TASK STATEMENT
There is material below. Print exactly the lines starting at the line with "The floor was" and ending at the line with "partly cloudy sky", ends included, and no others.

EXERCISE INPUT
----------------

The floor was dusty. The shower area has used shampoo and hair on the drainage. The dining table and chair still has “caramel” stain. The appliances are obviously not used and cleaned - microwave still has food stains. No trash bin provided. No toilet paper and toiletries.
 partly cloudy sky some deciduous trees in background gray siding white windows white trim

----------------

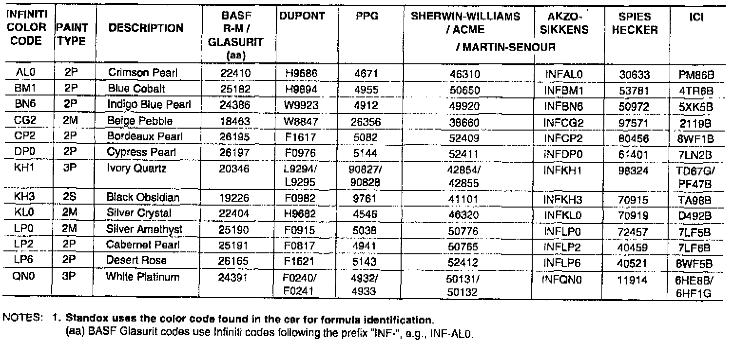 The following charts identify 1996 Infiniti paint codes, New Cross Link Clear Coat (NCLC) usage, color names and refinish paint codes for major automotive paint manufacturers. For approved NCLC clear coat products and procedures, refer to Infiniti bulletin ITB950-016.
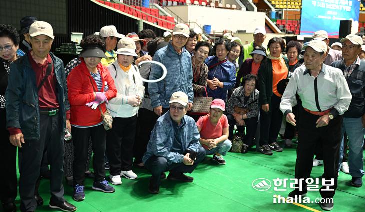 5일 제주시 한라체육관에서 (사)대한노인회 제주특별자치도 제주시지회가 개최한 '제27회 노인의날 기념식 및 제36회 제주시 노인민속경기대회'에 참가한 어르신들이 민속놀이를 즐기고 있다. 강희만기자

----------------

ANSWER TO THIS TASK
The floor was dusty. The shower area has used shampoo and hair on the drainage. The dining table and chair still has “caramel” stain. The appliances are obviously not used and cleaned - microwave still has food stains. No trash bin provided. No toilet paper and toiletries.
 partly cloudy sky some deciduous trees in background gray siding white windows white trim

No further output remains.